Como se pode perceber, eram os servos, os camponeses livres, os aldeãos, ou seja, as classes servis quem efetivamente trabalhava nessa sociedade. Os senhores feudais e o clero viviam, pois, do trabalho dos outros. Algo parecido com o que aconteci na sociedade Greco-romana.
Apesar de que o trabalho vinculado à terra ser o preponderante na sociedade feudal, isso não significa que outras formas de trabalho não existissem. Atividades artesanais nas cidades ou mesmo dentro do feudo e atividades comerciais nas cidades completam as outras formas de trabalho.
Segundo a concepção feudal, com base na Igreja Católica, o trabalho era uma verdadeira maldição e deveria acontecer somente na quantidade necessária à sobrevivência, não tendo nenhum valor em si mesmo. Como era a salvação individual o que importava, o trabalho era desqualificado, uma vez que não permitia a quem o executava uma constante meditação e contemplação – a forma de se chegar mais perto de Deus e, portanto, da salvação.

4. Trabalho, realização e alienação
Podemos definir trabalho como toda atividade pela qual o ser humano utiliza sua energia física e psíquica para satisfazer suas necessidades ou para atingir um determinado fim.
Por intermédio do trabalho, o homem acrescenta um “mundo novo” (a cultura) ao mundo natural já existente. O trabalho é, portanto, elemento essencial da relação dialética entre o homem e a natureza, entre o saber e o fazer, entre a teoria e a prática.
Nesse sentido, o trabalho é uma atividade tipicamente humana, porque implica a existência de um projeto mental que determina a ação a ser desenvolvida para se alcançar o objetivo almejado.
Uma aranha executa operações semelhantes às do tecelão, e a construção das colméias pelas abelhas atinge tal perfeição que envergonha muitos arquitetos. Mas o que distingue o pior dos arquitetos da melhor das abelhas é que ele projeta mentalmente a construção antes de realizá-la.(MARX, Karl)

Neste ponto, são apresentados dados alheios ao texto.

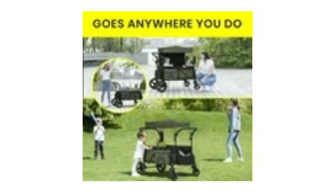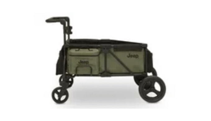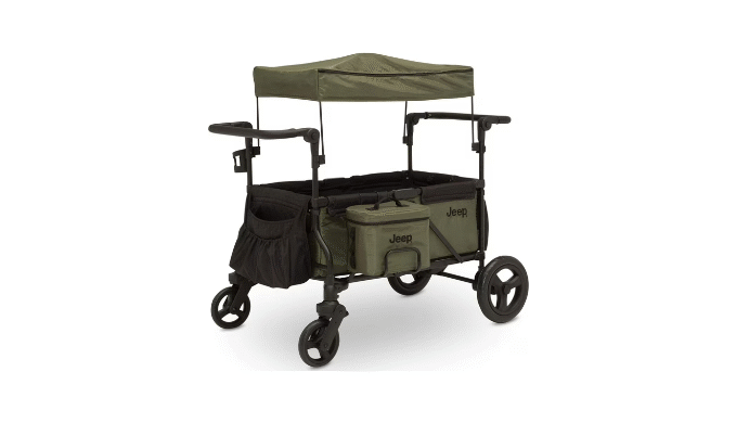 The Jeep Deluxe Wrangler stroller wagon with cooler bag and parent organizer by Delta Children is ready to tackle any family adventure. Designed with all the conveniences of a double stroller and the rugged durability of a wagon, it’s a super-fun crossover that makes any outing easy to take to the park, beach, or sporting event. With so many ways to ride, it’s ideal for kids of varying ages. The UV-blocking canopy protects little ones from the sun while pull-down shades block additional light during naptime. Remove the canopy for open-air cruising. Equipped with more storage than the average stroller, this wagon comes with a removable cooler bag, parent organizer, cup holder, and multiple storage pockets to keep all your must-have travel gear on hand. This wagon is the most off-road capable option ever thanks to its all-terrain puncture-proof airless tires. Easy to maneuver, swivel front wheels allow you to turn and pivot. To store or transport, the Jeep Deluxe Wrangler stroller wagon by Delta Children features a compact fold and quick-release back wheels which make it easier to fit tight spaces. And when your children outgrow the need for a stroller/wagon, use it to haul your gear at the farmers market, while gardening, or at the grocery store.

Quando pensamos sobre o papel do trabalho em seu aspecto individual, verificamos que ele permite ao homem expandir suas energias, desenvolver sua criatividade e realizar suas potencialidades. Pelo trabalho o homem é capaz de moldar e mudar a natureza e, ao mesmo tempo, alterar a si próprio. Ou seja, trabalhando o homem pode modificar o mundo e a si mesmo, produzir cultura e se autoproduzir.
Em seu aspecto social, isto é, como esforço conjunto dos membros de uma comunidade, o trabalho tem como objetivo último a manutenção da vida e o desenvolvimento da sociedade.
Assim, dentro dessa visão positiva e ideal, podemos concluir que o trabalho tem a função de promover a realização do indivíduo, a edificação da cultura e a solidariedade entre os homens.
Ocorre que, de categoria central da existência humana, o trabalho estaria perdendo seu poder irradiador de vida. Como isto aconteceu?
Ao longo da história, com o aparecimento da dominação de uma classe social sobre a outra, o trabalho foi desvirtuado de sua função positiva. Em vez de servir ao progresso de todos passou a ser utilizado para o enriquecimento de alguns. De ato de criação virou rotina de reprodução. De recompensa pela liberdade se transformou em castigo. Enfim, em vez de ato de realização, foi transformado em instrumento de alienação.
É interessante ressaltar que, Etimologicamente, o termo trabalho vem do latim tripalium, um instrumento de tortura feito de três paus. Na verdade, não há exagero em afirmar que, mesmo nos dias de hoje, o trabalho ainda é utilizado como instrumento de torturar e triturar o trabalhador.